The problem is that, the resulting smooth image looking like the pixels are all in the wrong other (mixed up). Is this from the dimensions of the grid and block? I've tried a LOT of other possible dimensions. What would be the right way?

I'm using a GTX480, version - 2.x, Maximum dimensionality of grid of thread blocks - 3, Maximum x-, y-, or z-dimension of a grid of thread blocks - 65535, Maximum Number of Threads per Block - 1024

2
Your kernel is never running because the blocksize is illegal. If you add some error checking to your code you will see the kernel launch fails with an invalid configuration error.talonmies
i have a cudaGetLastError(); immediately after cudaDeviceSynchronize(); and it returns no errorsFrancis Saa-Dittoh
Please read this question and answer for the correct way to check for errors during a kernel launch. Note in your question you have said your GPU has a limit of 1024 threads per block, and you are asking for 256*256*1 threads per block.....talonmies
Was not checking properly; you are right! However, I also get an error with (16,16,1) or (32,32,1)Francis Saa-Dittoh
So that this question isn't a complete waste of everyone's time, please write your solution into an answer. You will later be able to accept that answer, which marks the question as answeredtalonmies

2 Answers

1
votes

First, the dimensions are totally invalid. The following should work in this case;

dim3 blockSize(16, 16, 1);
dim3 gridSize((width + blockSize.x - 1)/ blockSize.x, (height + blockSize.y - 1) / blockSize.y, 1);
smooth <<< grid_size, block_size >>> (grayImage, smoothImage, width, height);

After the correction, using cuda-memcheck yielded results similar to;

========= Invalid __global__ read of size 4
=========     at 0x00000120 in cudaFilter
=========     by thread (4,1,0) in block (1,0,0)
=========     Address 0x05100190 is out of bounds

This shows that a value within the kernel code is out of bounds (most possibly an array index). Checking the various variables led to determine that filter[] was empty.

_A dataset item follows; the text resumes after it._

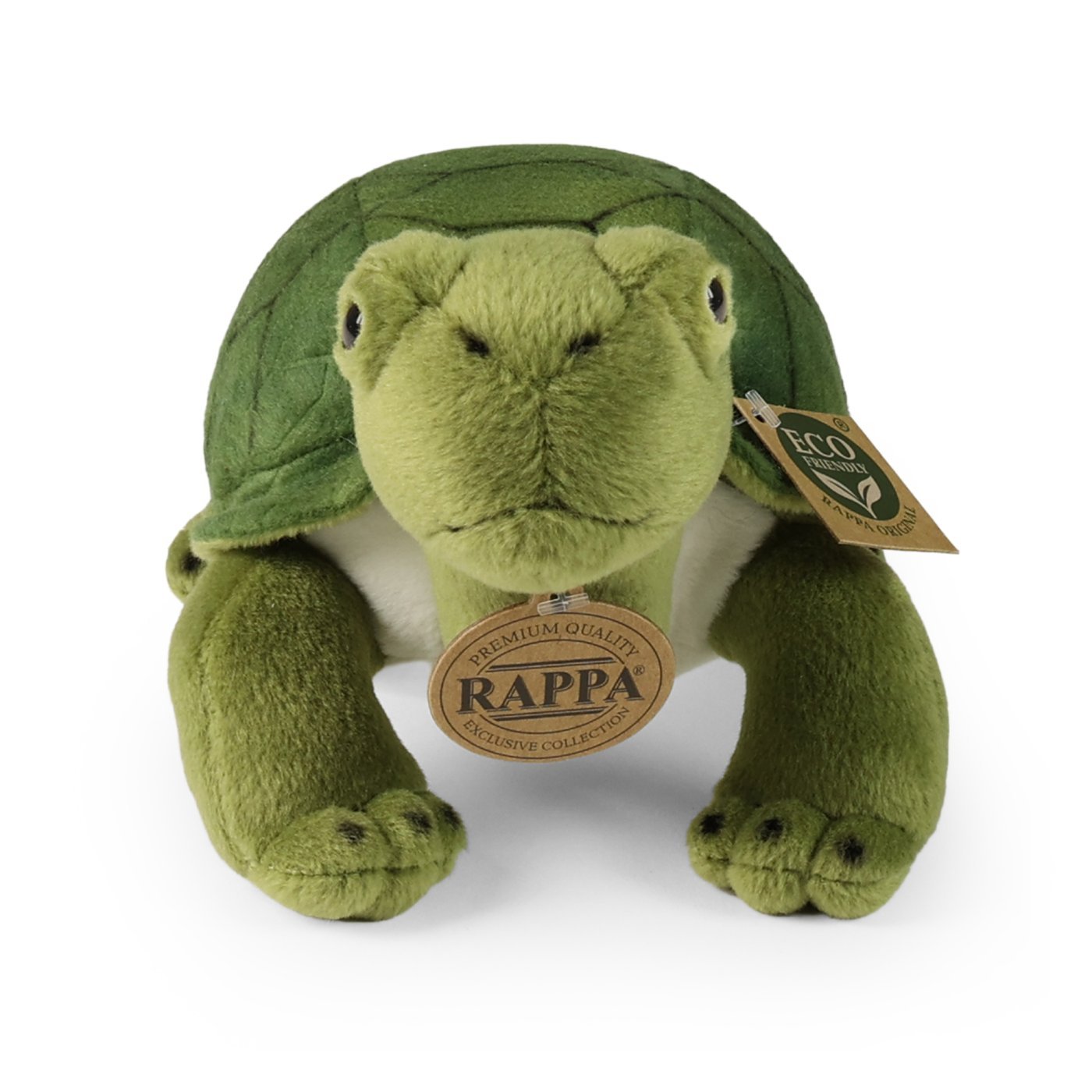 Plišasta želva meri 25 cm in zaradi najkakovostnejših materialov spada v ekskluzivno zbirko plišastih igrač Rappa. Poleg tega je zaradi ročne izdelave vsakega kosa videti realistična. Zakaj oznaka ECO-FRIENDLY? Podjetje Rappa se zaveda vseh vplivov na okolje, zato se osredotoča na trajnost in čim manjšo uporabo plastike. Zato je polnilo igrač narejeno iz recikliranih materialov, zlasti steklenic PET. Vendar je slednja popolnoma neškodljiva in primerna za otroke od rojstva dalje. Zabaven podatek: Ali ste vedeli, da so kopenske želve med najdlje živečimi vretenčarji na svetu?
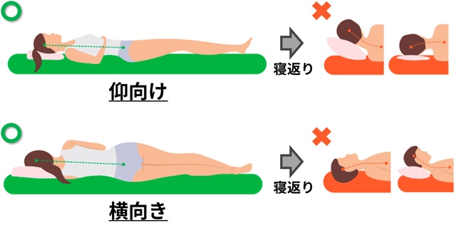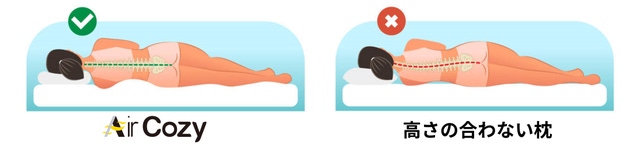 人間の体の構造上、仰向けの場合は低い枕、横向きの場合は高い枕が適切です。手動で高さを調節可能な枕が存在しますが、人間は寝ている間に何度も寝返りをするため、手動では効果がありません。

Lastly, if filter[] is to be passed to the kernel, it should be copied from CPU to GPU using something like

cudaMemcpy(filterGpu, filter, 25 * sizeof(float), cudaMemcpyHostToDevice);

Alternatively, if the filter is not needed anywhere else (as is the case here), it can be declared within the kernel instead.

1
votes

Looking at this answer related to image filtering, I would recommend that you create the block and grid for the image like this:

dim3 blockSize(16,16,1);
dim3 gridSize((width + blockSize.x - 1)/blockSize.x,(height + blockSize.y - 1)/blockSize.y,1);

Another very common mistake that you are making is that the filter array you are passing to the kernel, is allocated on the host. Create an array of same size on the device and copy the coefficients from host to device. Pass that device array to the kernel.

Also, it is highly recommended to calculate the sum of filter coefficients on host side and pass it as an argument to the kernel instead of calculating the sum again and again in each thread.

The boundary conditions may cause out of range memory access. Handle the boundary conditions explicitly in the kernel. Or the easy approach is to use CUDA texture for the input image so that boundary conditions are handled automatically.